I am a Python beginner and am currently trying to delete some columns in a csv - worked well! But: When I use pandas, it adds another column automatically at the beginning of the file and adds row numbers. How can I avoid that?

Input data is as follow (json):

    [
      {
        "source": "twitter",
        "cashtag": "$FB",
        "sentiment score": "0.366",
        "id": "719659409228451840",
        "spans": [
          "watching for bounce tomorrow"
    ]
  }, ... ]

Converting to csv worked well.

My code for doing this:

import pandas as pd

# Convert son to csv
pd.read_json("test.json").to_csv("test.csv")

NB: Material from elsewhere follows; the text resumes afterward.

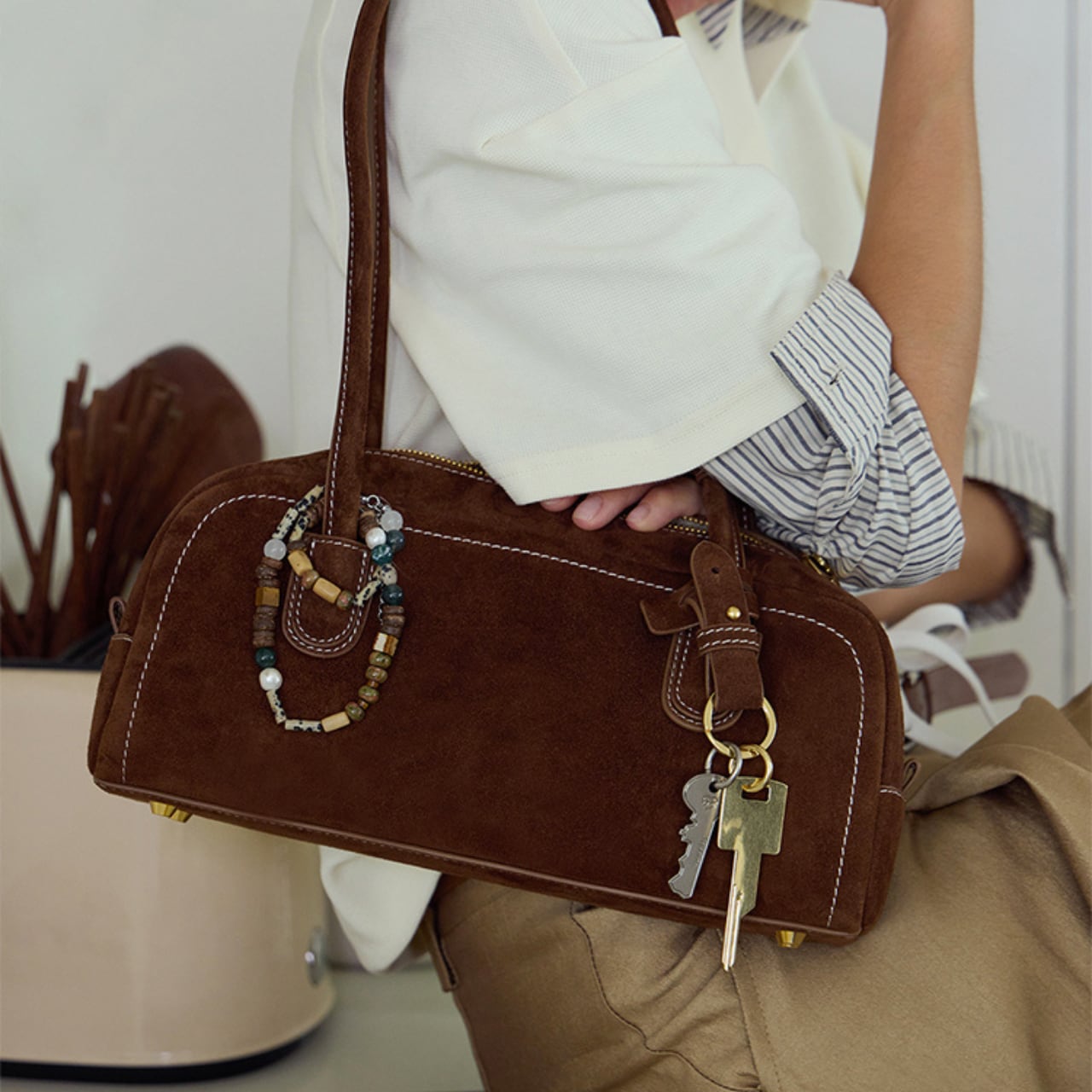 Suede long shoulder bag in 2 colors S673

# Delete cashtag, id, source column
data = pd.read_csv("test.csv")
data = data.drop(["cashtag", "id", "source"], axis=1)
data.to_csv("test_cleaned.csv")
data.head()

Output:

Unnamed: 0  sentiment score spans
0   0   0.366   ['watching for bounce tomorrow']
1   1   0.638   ['record number of passengers served in 2015']
2   2   -0.494  ['out $NFLX -.35']
3   3   0.460   ['Looking for a strong bounce', 'Lunchtime 
4   4   0.403   ['Very intrigued with the technology and 

What I want to have:

sentiment score spans
    0.366   ['watching for bounce tomorrow']
    0.638   ['record number of passengers served in 2015']
    -0.494  ['out $NFLX -.35']
    0.460   ['Looking for a strong bounce', 'Lunchtime 
    0.403   ['Very intrigued with the technology and 

So converting and deletion worked well, but for each operation using pandas, it adds another column at the beginning of the file. In this example 1 column after converting to csv and 1 column after deleting columns. How can I avoid this?

Fabs
  • 43
  • 4
  • 1
    The pandas online documentation is a great resource. When trying to figure out how a function works, this is a great place to start. – lmo Jun 09 '19 at 14:38

2 Answers2

2

That’s called an index, you can prevent it being written by using the following

df.to_csv(‘FileMaker.csv’, index=False)
pypypy
  • 1,075
  • 8
  • 18
2

The column you're referring to is the index. Try doing this when saving your csv:

data.to_csv("test_cleaned.csv", index=False)

Pandas automatically creates an index for each Dataframe you initialize, unless you do it explicitly. I highly recommend giving a read to panda's documentation to get more info.

Pedro Martins de Souza
  • 1,406
  • 1
  • 13
  • 35